[INFORMATION PROVIDED — start]
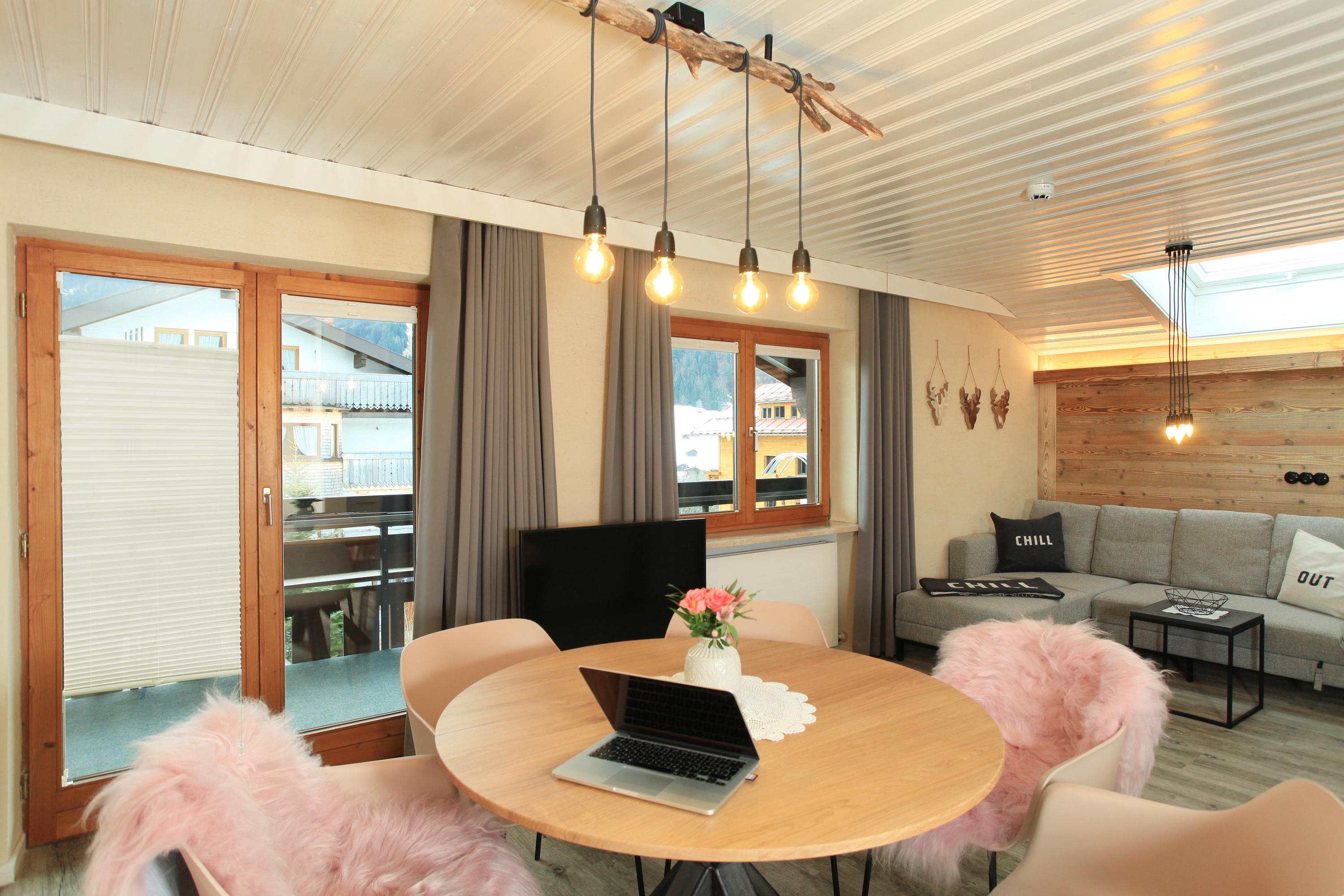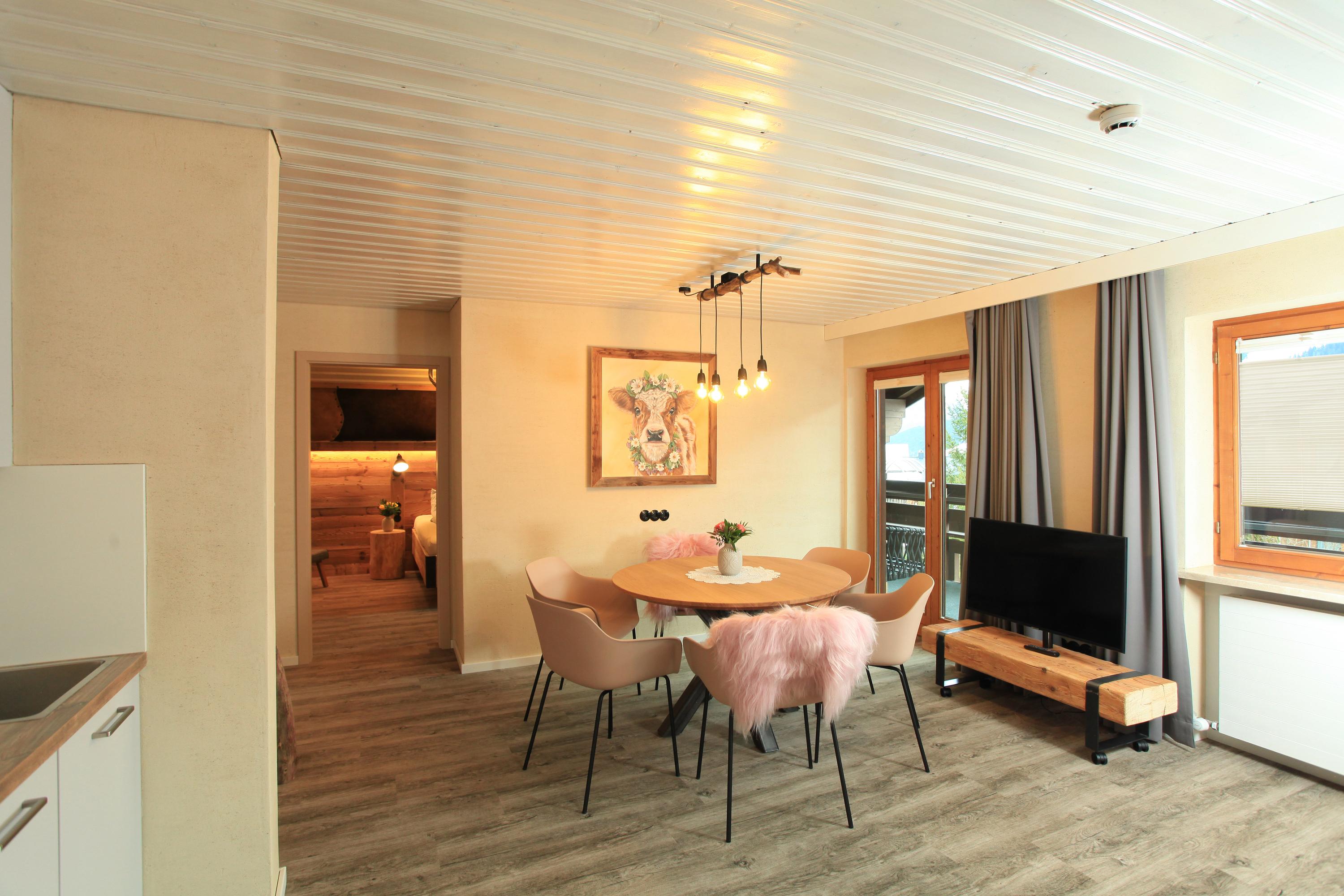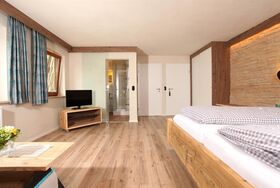 Doppelzimmer „Ifenblick“ für bis max. 4 Personen.Das Ifenblick verbindet die Tradition der Alpen mit modernem Design!Ein hochwertiges Doppelbett vom heimischen Schreiner,gemütliche Schlafcouch für 2 Personen,Flatscreen SAT-TV,WLAN,Safe,Radio,Wasserkocher, Kühlschrank,Designerlampen,Designvinylboden,Südwestterrasse mit beeindruckendem Bergblick auf die Kleinwalsertaler Alpenwelt,Bad mit Dusche+Regendusche/WC mit Hotelfön, Größe 34 m²- mit Verbindungstüre optional für Familien zubuchbar.
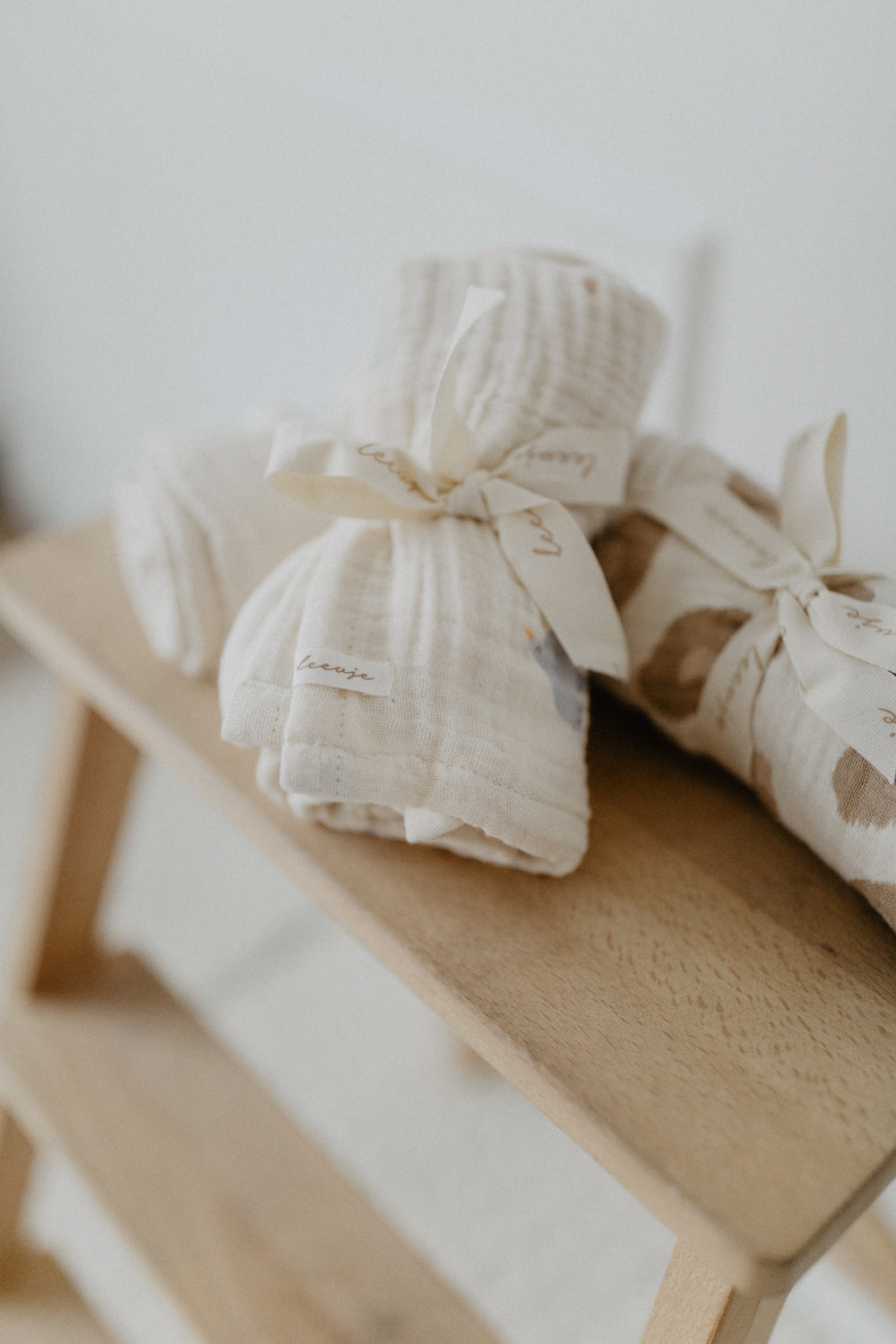 Die vierlagigen Musselintücher aus 100 % weicher Bio-Baumwolle sind die idealen Begleiter für Dich und Dein Little One. Sie sind herrlich sanft zur Haut & ganz vielseitig einsetzbar – sei es als Spucktuch, leichte Decke oder zum Kuscheln. Mit großzügigen 120 x 120 cm schenken sie Dir täglich Komfort & sind ein besonders liebevolles Geschenk zur Geburt.
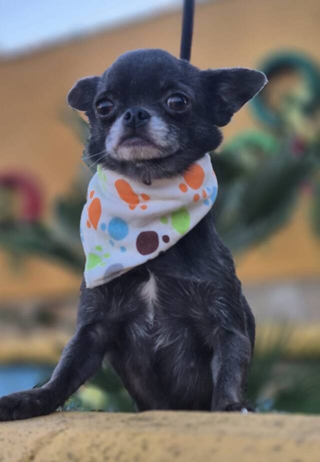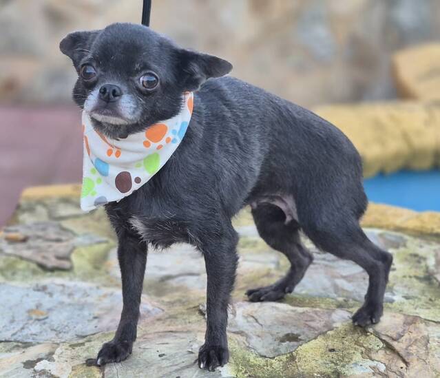 Beschreibung: Geboren: ca. April 2021 Rasse: Chihuahua Größe/Gewicht: ca. 28 cm Schulterhöhe bei 3,6 kg Standort: Auffangstation Linares/Südspanien Kastriert, gechipt mit EU Ausweis, geimpft und negativ auf Mittelmeerkrankheiten getestet
[INFORMATION PROVIDED — finish]
- _WHAT THE TASK ASKS_
Repeat the whole of the material above exactly, but keep the pictures out.

- _RESPONSE FOR THIS EXERCISE_
 Doppelzimmer „Ifenblick“ für bis max. 4 Personen.Das Ifenblick verbindet die Tradition der Alpen mit modernem Design!Ein hochwertiges Doppelbett vom heimischen Schreiner,gemütliche Schlafcouch für 2 Personen,Flatscreen SAT-TV,WLAN,Safe,Radio,Wasserkocher, Kühlschrank,Designerlampen,Designvinylboden,Südwestterrasse mit beeindruckendem Bergblick auf die Kleinwalsertaler Alpenwelt,Bad mit Dusche+Regendusche/WC mit Hotelfön, Größe 34 m²- mit Verbindungstüre optional für Familien zubuchbar.
 Die vierlagigen Musselintücher aus 100 % weicher Bio-Baumwolle sind die idealen Begleiter für Dich und Dein Little One. Sie sind herrlich sanft zur Haut & ganz vielseitig einsetzbar – sei es als Spucktuch, leichte Decke oder zum Kuscheln. Mit großzügigen 120 x 120 cm schenken sie Dir täglich Komfort & sind ein besonders liebevolles Geschenk zur Geburt.
 Beschreibung: Geboren: ca. April 2021 Rasse: Chihuahua Größe/Gewicht: ca. 28 cm Schulterhöhe bei 3,6 kg Standort: Auffangstation Linares/Südspanien Kastriert, gechipt mit EU Ausweis, geimpft und negativ auf Mittelmeerkrankheiten getestet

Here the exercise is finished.